In deze zaak heeft de Rechtbank Noord-Holland op 25 februari 2020 uitspraak gedaan in een verzoek tot toepassing van een schuldsaneringsregeling door de schuldenaar. De schuldenaar had op 27 januari 2020 een verzoek ingediend tot instemming met een door hem aangeboden schuldregeling, die een looptijd van 48 maanden omvatte. De rechtbank heeft vastgesteld dat de schuldenaar in een problematische financiële situatie verkeert, met een totale schuld van € 25.845,67 aan verschillende schuldeisers. De schuldenaar had een schuldregeling aangeboden waarbij 33,84% van de vorderingen zou worden uitgekeerd aan de schuldeisers.
Tijdens de zitting op 11 februari 2020 zijn de schuldenaar en zijn schuldhulpverlener gehoord.

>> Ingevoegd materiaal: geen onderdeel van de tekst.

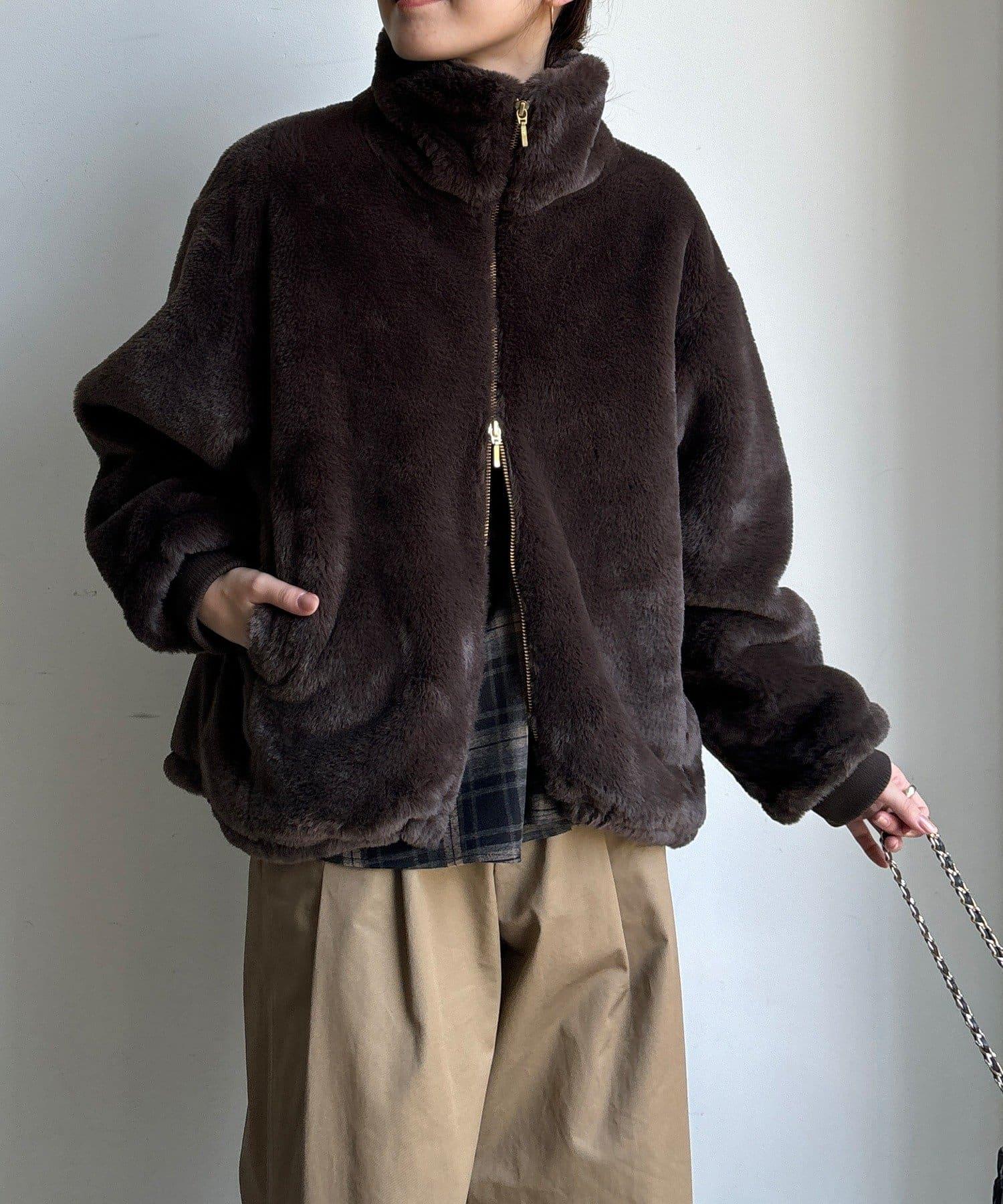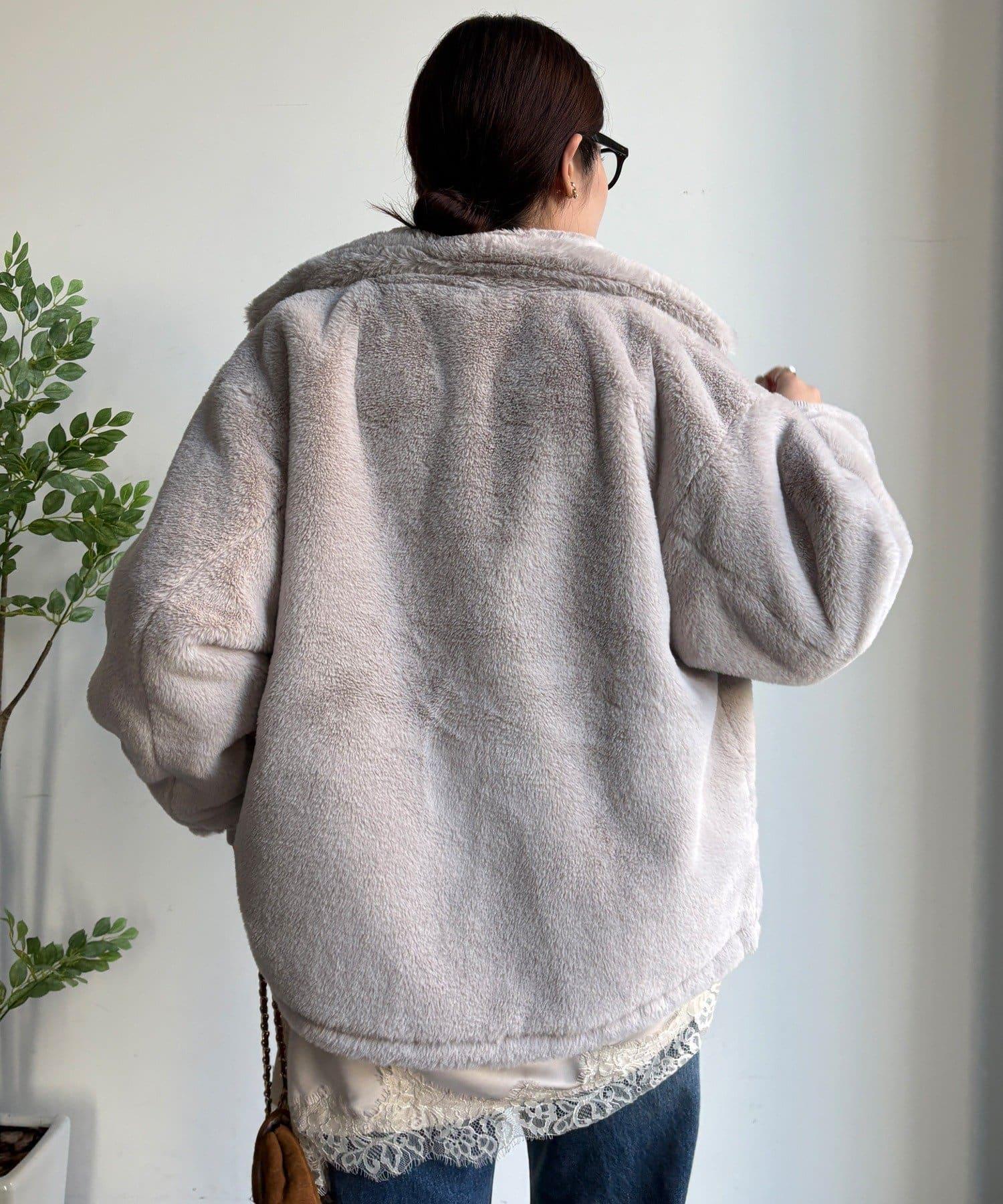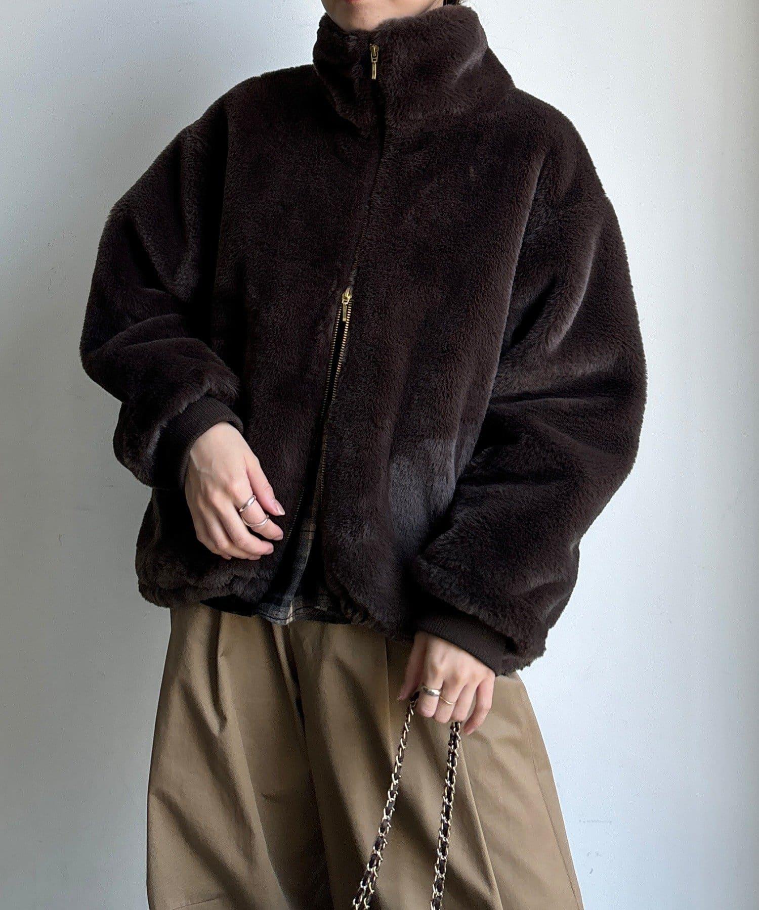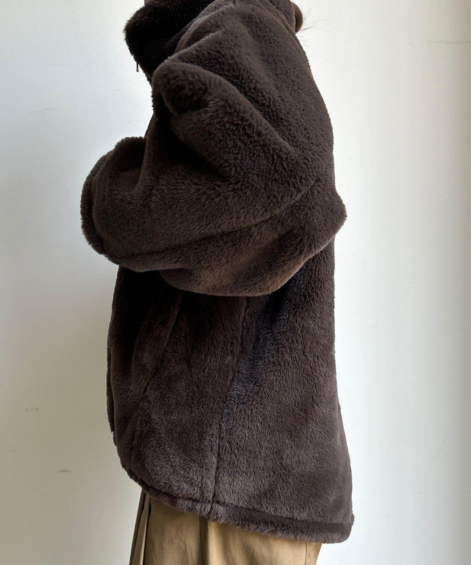 站立式皮草罩衫,蓬鬆的仿貂皮材質讓人忍不住想摸一摸!
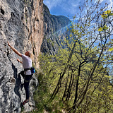 The wall hosts 15 routes ranging from 6a to 7c+, with a climbing style that’s technical and sustained. Expect elegant moves on long vertical faces, with some slightly overhanging sections. The reddish limestone is solid and untouched by polish, offering great friction. Some lines stretch up to 30–35 meters, so come prepared with a long rope and a good dose of endurance.
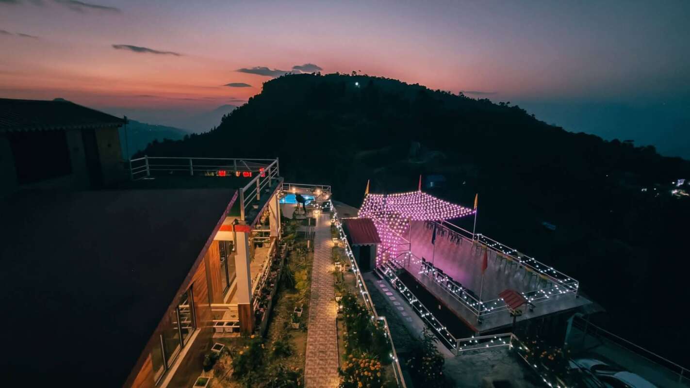 Discover Whispering Hills Retreat – Samthar, a serene group accommodation nestled in offbeat Kalimpong with stunning views of both the Teesta River and Mt. Kanchenjunga.
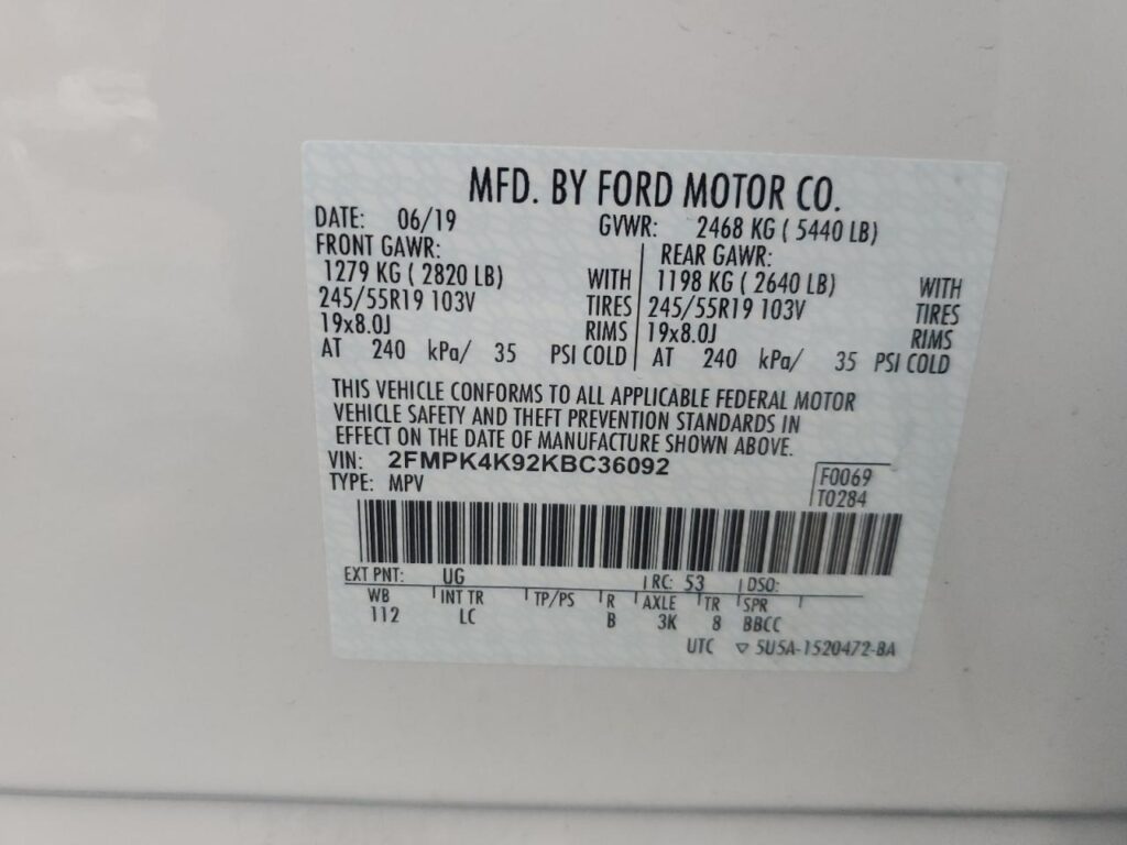 This 2019 Ford Edge (White) comes from a major insurance auction in the USA or Canada. All information on this page is linked to the vehicle’s VIN (2FMPK4K92KBC36092), which helps confirm where the car was listed and what condition it was in at the time of sale.
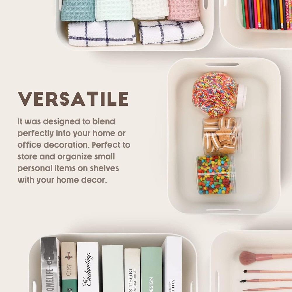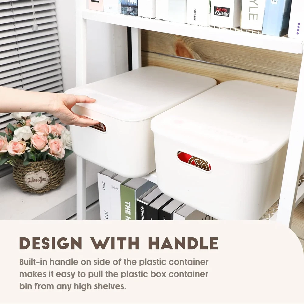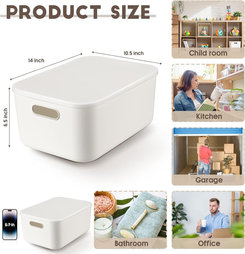 8 Pieces Plastic Storage Bins with Lids White Storage Box with Handle Stackable Containers with Lids for Organizing White Bins Small Storage Basket with Lid for Table 14 x x Inches Modern Design: the crisp white base pairs effortlessly with lid are easy on the eyes, 8 packs plastic storage bins are nice for use in the living area, bedroom, home, office, classroom, garage or even in a cabinet or closet Neat and Clean: the plastic storage bins with lids are about x x cm/ 14 x x inches, you can use them to store many things, such as holiday decorations, clothing, children's toys, office supplies, bathroom supplies, garage items, etc., to bring you a comfortable feeling Stackable and Dust Proof: our decorative storage boxes with lids are designed with lids, dust proof, which can keep your items clean and neat, feature a flat base, stable and lightweight, so you can stack them on top of each other, not take up much space, a good helper for your room Portable: built in handle on side of the plastic container makes it easy to pull the plastic box container bin from different high shelves, out of cabinets, and closets; Lightweight to carry around home, office, college dorm, RV and camper Wide Applications: with a proper capacity and handy design, you can use our white plastic storage bins to store many items, such as fruits, vegetables, packaged goods, yogurt, canned food, beverage boxes and so on, to keep them well organized
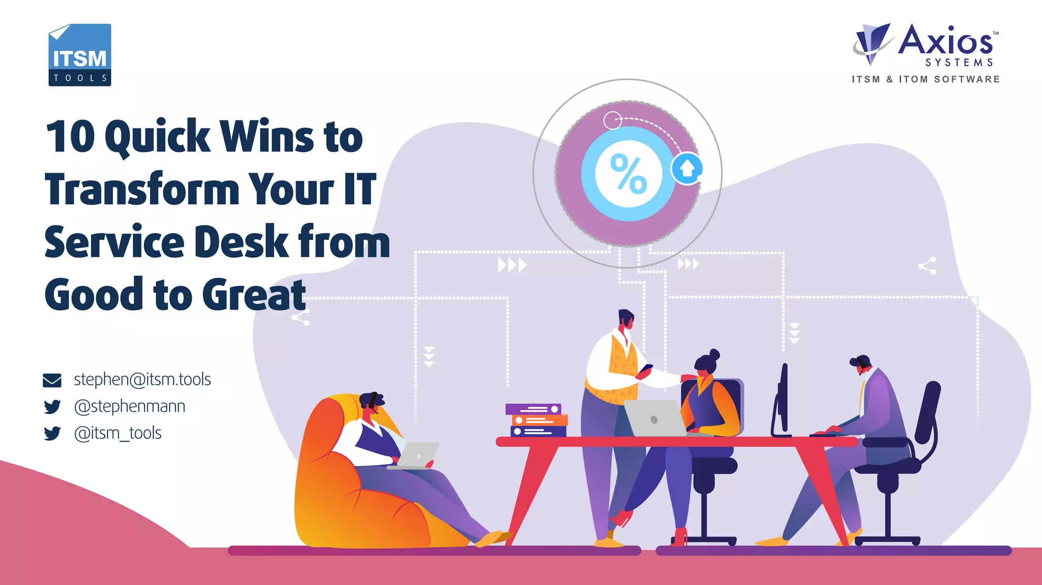 The document outlines ten quick wins for transforming IT service desks, emphasizing self-service, knowledge management, and automation as key improvement areas. It identifies common challenges like high support volumes, budget constraints, and employee expectations, recommending actionable strategies to address these issues. The key takeaways highlight the importance of focusing on employee needs, organizational change management, and leveraging existing technologies for better outcomes.

De belastingdienst, A.K. Bro en Willemsen & Van Poorten hebben hun instemming met de regeling onthouden. De rechtbank heeft echter geoordeeld dat de belastingdienst en de andere schuldeisers in redelijkheid niet tot weigering van instemming konden komen, gezien de omstandigheden van de schuldenaar en het belang van een oplossing voor zijn schuldenlast. De rechtbank heeft benadrukt dat de aangeboden regeling niet vergeleken kan worden met de wettelijke schuldsaneringsregeling, omdat de schuldenaar eerder al was toegelaten tot de WSNP, die op 20 november 2018 was beëindigd.
De rechtbank heeft uiteindelijk besloten om het verzoek tot instemming met de schuldregeling toe te wijzen en de belastingdienst, A.K. Bro en Willemsen & Van Poorten te veroordelen in de kosten van de procedure. Het verzoek tot toepassing van de schuldsaneringsregeling is als ingetrokken beschouwd, omdat de schuldenaar geen belang meer had bij dat verzoek. De uitspraak biedt een belangrijke precedent voor de beoordeling van schuldregelingen in vergelijkbare situaties.